Saturday, February 17, 2007

Yeah, I finally got my blogger back! I've tried to get on for the last few weeks but for some reason, the site wouldn't take my password. Tonight, miraculously, it works!

So, tonight I was in a pissy mood. Let me tell you why. I had dinner with some people and some of the ladies at dinner were telling me I am way too big for 13 weeks. One person asked me if I was ok and if I have seen the doctor for any "problems." I told her that I saw a doctor last week and that everything was normal. Pretty much, these women were telling me I was too big. I think one person even used the word "fat."One person said,"oh, I didn't show until I was five months." I was so stunned by this conversation and it was in front of other people so I didn't quite know how to respond.

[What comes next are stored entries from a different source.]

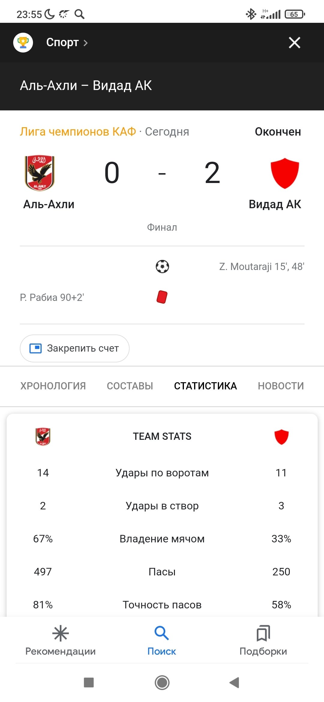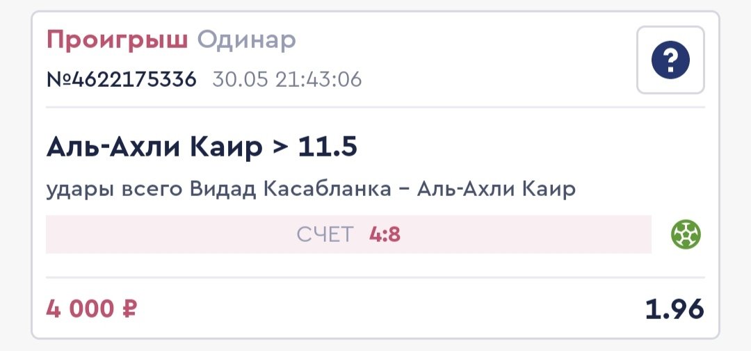 Ставка на финал Лиги чемпионов (Африка) Аль-Ахли - Видад заключил пари на то что Аль-Ахли производит 11,5 больше ударов в сторону ворот и он сделал 14 ударов но Фонбет решил что счет ударов 8-4 и мое пари проигран! в реале 14-11))
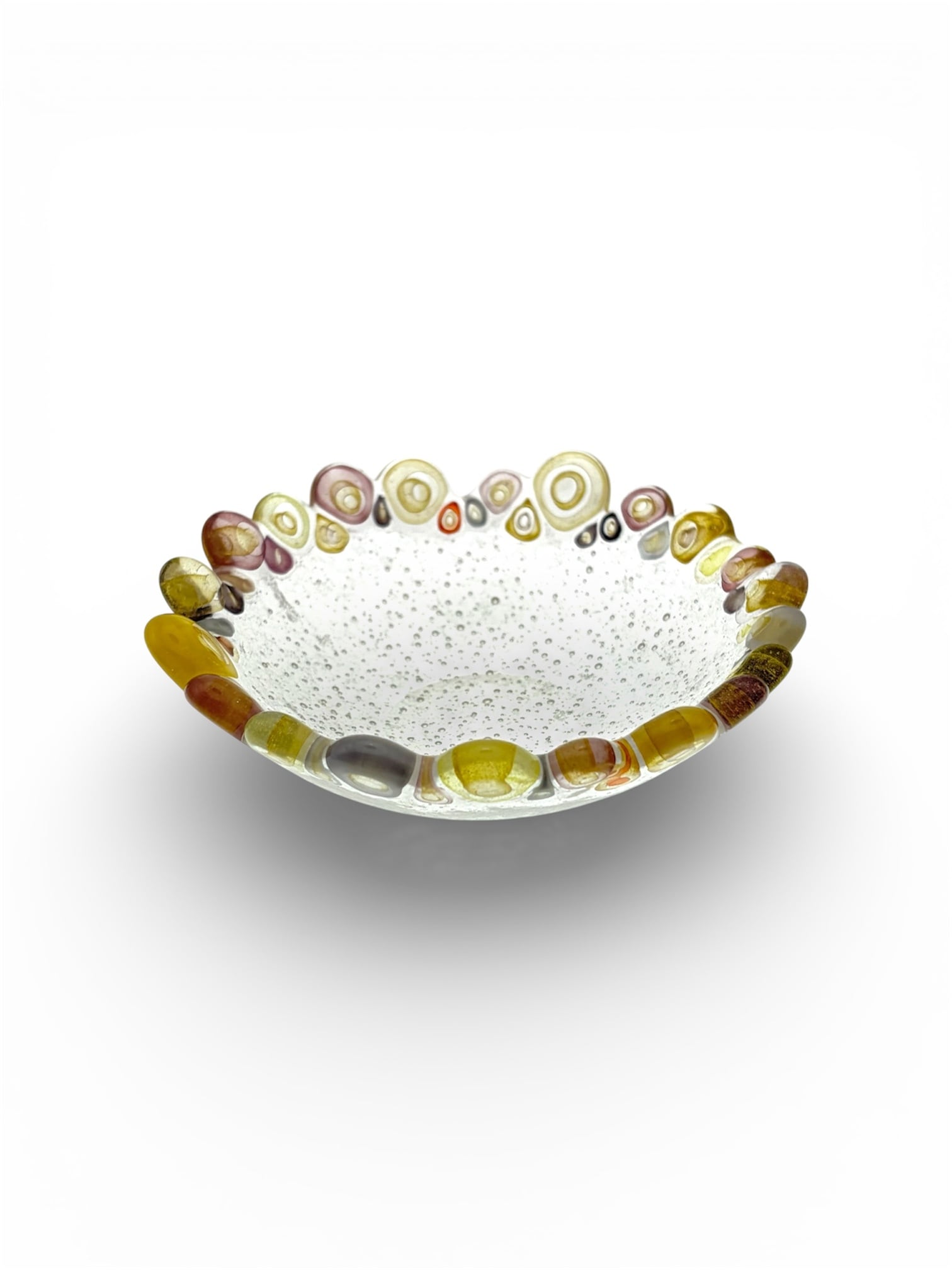 楽しい彩りで食卓を彩る、プリプリ感のあるキャンディボウル (黄・紫系)です!明るい黄色と優しい紫系の組み合わせが特徴で、どんなシーンでも目を引く華やかさを持っています。このキャンディボウルは、透明度の高いガラスを使用して丁寧に仕上げられており、丸みを帯びたデザインが愛らしさを演出します。
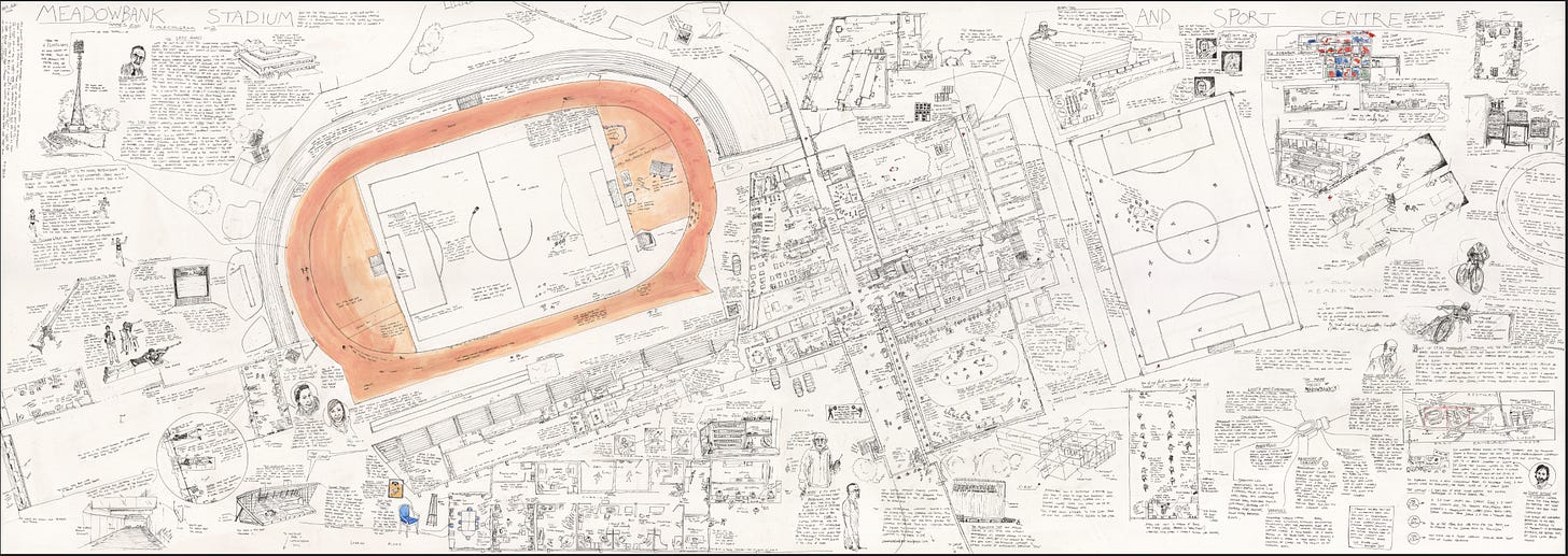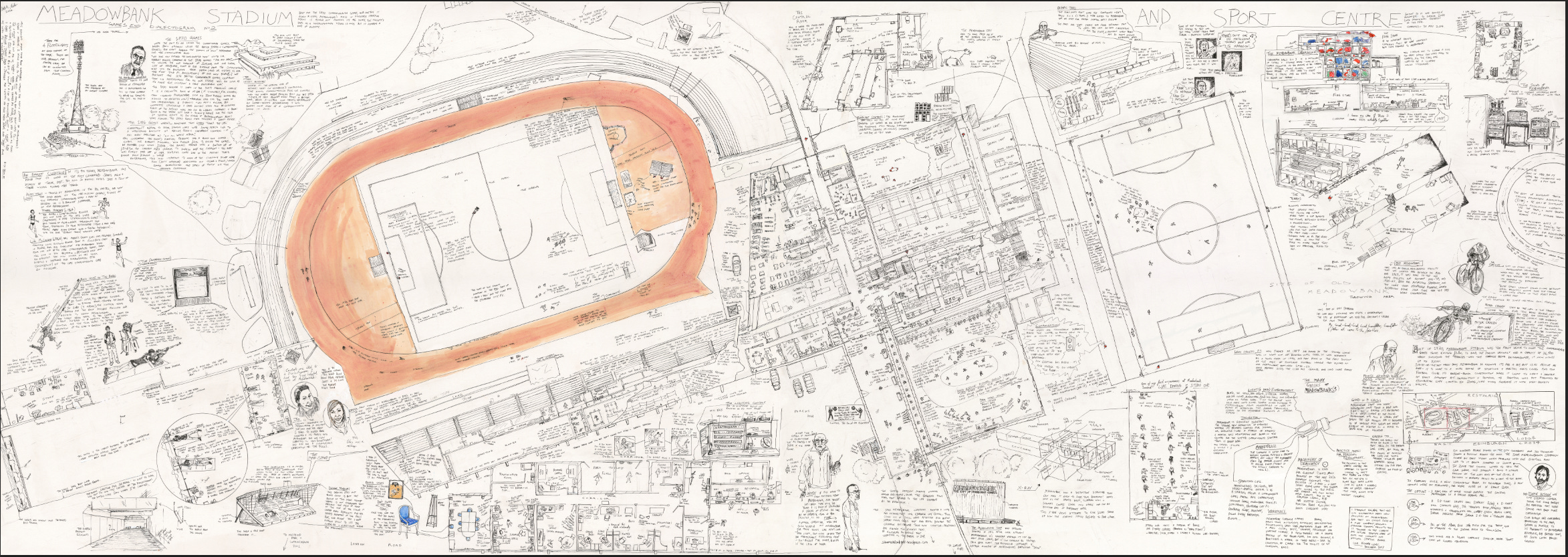 The images that result from this, whether it’s the series of five I made at the iconic Red Road Flats in Glasgow, the Piershill Community Health Flat, the Claypits Nature Reserve, Clydebank Library or the Barrowland Ballroom reflect what you might call the pigeon’s-eye view. We might see Meadowbank Stadium (home to the 1970 and 1986 Commonwealth Games in Scotland) from above, but the majority of what it shows you is based on knowledge of what is happening in its corridors, halls and pitches. Like the women of Piershill Square West, less than a mile away, who kept their eye on their community from the flat on the corner, the pigeon-eyed dialectogram gets to know its turf intimately – who is who, what is what, where it all happens – while keeping in mind how it all fits together.

But if I could respond to them now, this is what I would say:
I'm sorry you both only had one child each and don't know how your body could be different if you had another. I, too, didn't show with Tyler until I was 6 months pregnant. I am sorry that I had major surgery following the birth of Tyler, much of which I can't remember. I did wake up to feel doctors pushing down on abdomen where I had just been cut for a c-section It felt like they were punching me over and over again. I know this because I had to stay in ICU for two days where the doctors pumped the maximum amount of drugs they could in me, but I still couldn't cry or talk for a week because it hurt too much to do so. After that, I was on oxycontin for two months. I wouldn't even wish what I went through on ANYONE. I'm sorry that because of everything that I went through, my stomach does not and will not ever look like yours and all you could talk about is how my tummy looks "not normal" to you.

I wish you would THINK before you open your fat mouth.

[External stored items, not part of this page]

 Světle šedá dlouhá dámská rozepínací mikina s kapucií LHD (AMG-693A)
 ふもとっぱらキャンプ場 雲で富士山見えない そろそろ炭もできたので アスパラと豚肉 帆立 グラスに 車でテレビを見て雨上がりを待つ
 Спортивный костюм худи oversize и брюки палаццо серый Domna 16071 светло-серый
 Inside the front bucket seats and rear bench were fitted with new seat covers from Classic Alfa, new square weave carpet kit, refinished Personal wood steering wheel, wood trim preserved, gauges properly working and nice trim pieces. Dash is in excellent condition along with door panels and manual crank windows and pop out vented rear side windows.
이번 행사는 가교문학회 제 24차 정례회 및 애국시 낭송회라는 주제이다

Thursday, February 01, 2007

It's been a long time. I took the day off today to...breathe. I ususally feel really guilty about taking days off, but I feel I totally deserved this one. If for nothing else, I'll think of it as a birthday present to myself.

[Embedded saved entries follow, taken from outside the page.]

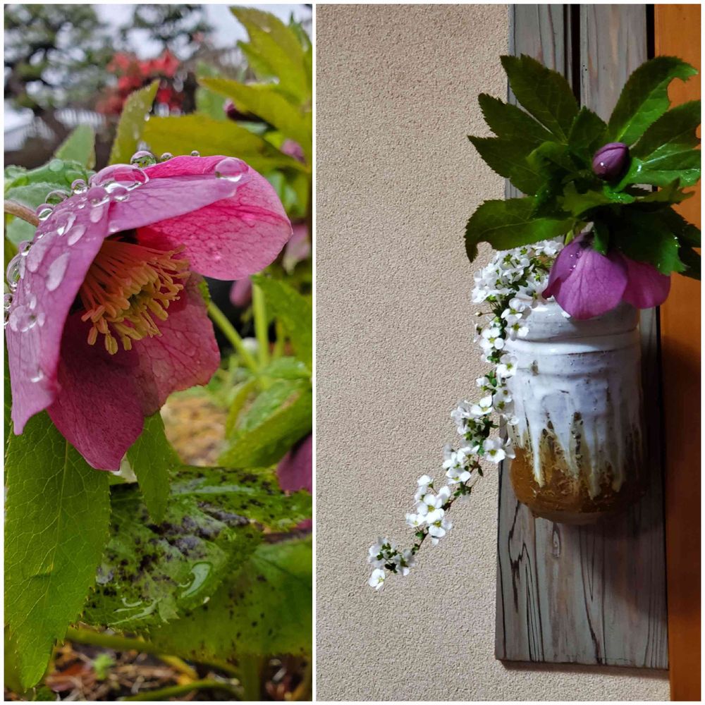 雨で倒れたそうな八ツ手花笠(クリスマスローズ)と雪柳
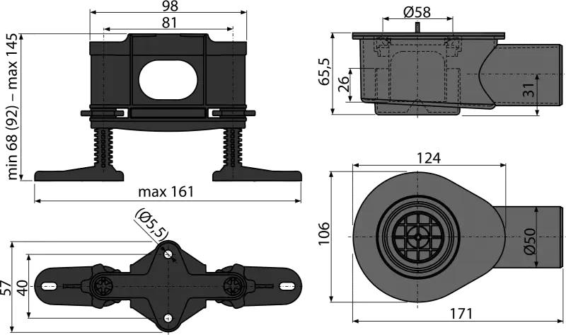 Высота монтажа от 81 мм
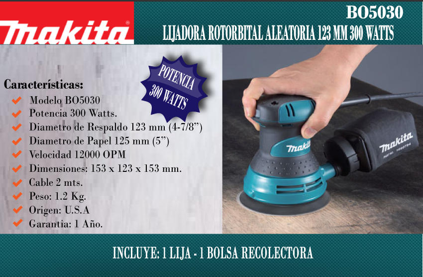 Makita Lijadora Roto-orbital 5" Ext. Polvo 300w
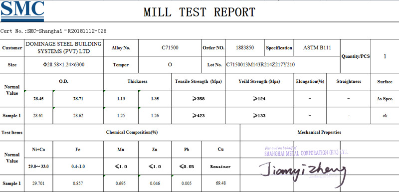 Condenser Tube, C7150T-O, OD: 28.58mm, Wall Thickness: 1.24mm, Length: 6300mm. Quantity: 160 PCS
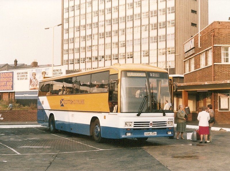 • Kelvin-Central 4305 (D315SGB), a Duple bodied Tiger, on Scottish Citylink duty in Newcastle coach station in October 1990.

So, I've hit the 12 week mark. A big deal when I was pregnant with Tyler. This one is going by too fast and I don't think it's really hit me yet. Or maybe, I'm trying not too enjoy it too much for fear something might go wrong.

Anyways, thanks Rich for giving me a place to hide out during my day of deception. Say hi to Carol too.

Thanks for all who called and emailed for my birthday. 29th year. Kind of crazy, but I'm totatally looking forward to this year. Or at least, the second half of it- when Tyler will be the older sibling and I will be a full time mommy of two.